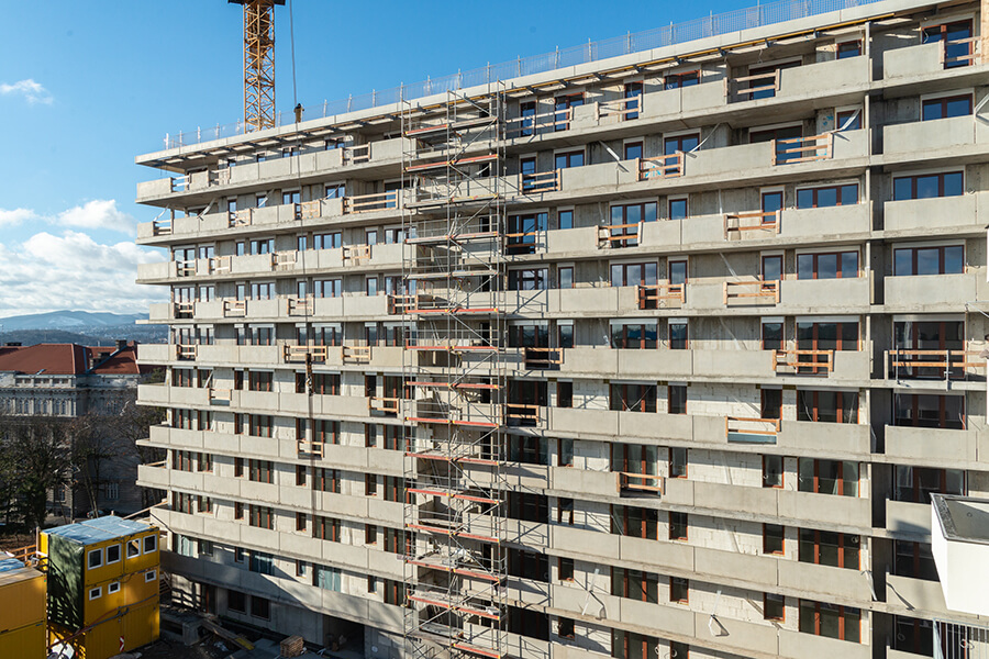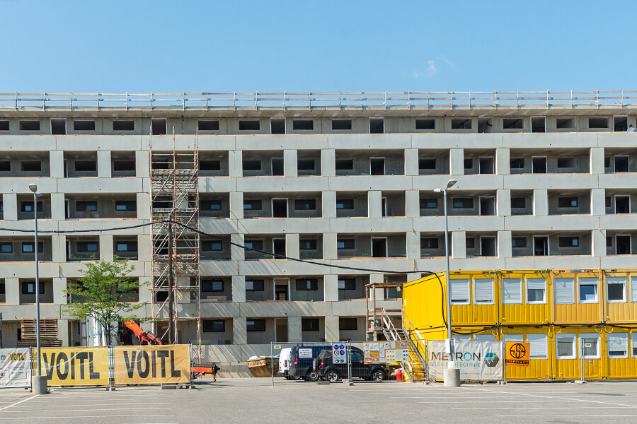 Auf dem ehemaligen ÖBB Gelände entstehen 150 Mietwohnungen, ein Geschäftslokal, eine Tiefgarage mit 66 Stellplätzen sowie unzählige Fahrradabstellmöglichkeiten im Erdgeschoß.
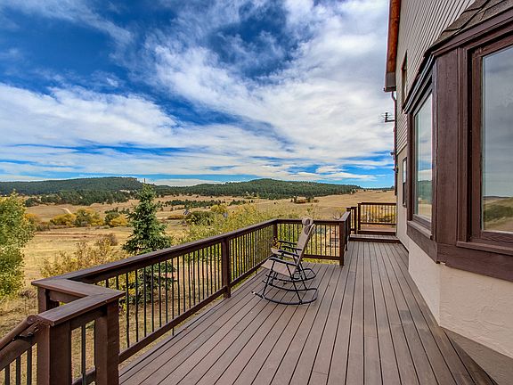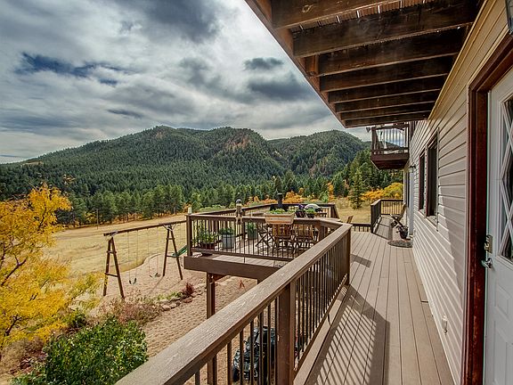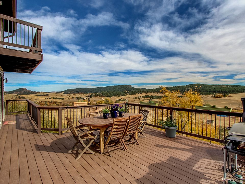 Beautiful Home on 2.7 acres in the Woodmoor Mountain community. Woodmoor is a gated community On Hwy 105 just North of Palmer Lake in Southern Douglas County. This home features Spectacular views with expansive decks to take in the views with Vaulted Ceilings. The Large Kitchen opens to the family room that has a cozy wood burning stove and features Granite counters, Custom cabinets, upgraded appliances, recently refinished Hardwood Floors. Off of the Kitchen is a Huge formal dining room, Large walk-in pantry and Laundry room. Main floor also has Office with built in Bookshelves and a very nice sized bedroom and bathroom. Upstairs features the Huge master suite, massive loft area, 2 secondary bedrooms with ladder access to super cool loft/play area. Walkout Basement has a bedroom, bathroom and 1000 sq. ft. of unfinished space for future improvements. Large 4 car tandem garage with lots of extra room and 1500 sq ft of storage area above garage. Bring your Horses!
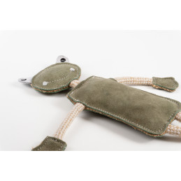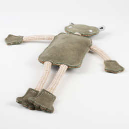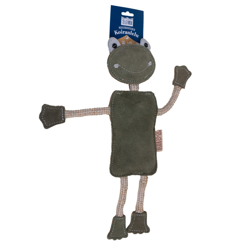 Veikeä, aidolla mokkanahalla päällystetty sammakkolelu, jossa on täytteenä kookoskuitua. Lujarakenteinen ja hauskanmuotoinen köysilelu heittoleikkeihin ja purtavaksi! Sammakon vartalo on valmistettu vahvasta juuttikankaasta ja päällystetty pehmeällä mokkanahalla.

━━━━━━━━

Your reply should consist solely of the lines from the one containing "Beautiful Home on" through the last line of the material, reproduced exactly and without pictures.

 Beautiful Home on 2.7 acres in the Woodmoor Mountain community. Woodmoor is a gated community On Hwy 105 just North of Palmer Lake in Southern Douglas County. This home features Spectacular views with expansive decks to take in the views with Vaulted Ceilings. The Large Kitchen opens to the family room that has a cozy wood burning stove and features Granite counters, Custom cabinets, upgraded appliances, recently refinished Hardwood Floors. Off of the Kitchen is a Huge formal dining room, Large walk-in pantry and Laundry room. Main floor also has Office with built in Bookshelves and a very nice sized bedroom and bathroom. Upstairs features the Huge master suite, massive loft area, 2 secondary bedrooms with ladder access to super cool loft/play area. Walkout Basement has a bedroom, bathroom and 1000 sq. ft. of unfinished space for future improvements. Large 4 car tandem garage with lots of extra room and 1500 sq ft of storage area above garage. Bring your Horses!
 Veikeä, aidolla mokkanahalla päällystetty sammakkolelu, jossa on täytteenä kookoskuitua. Lujarakenteinen ja hauskanmuotoinen köysilelu heittoleikkeihin ja purtavaksi! Sammakon vartalo on valmistettu vahvasta juuttikankaasta ja päällystetty pehmeällä mokkanahalla.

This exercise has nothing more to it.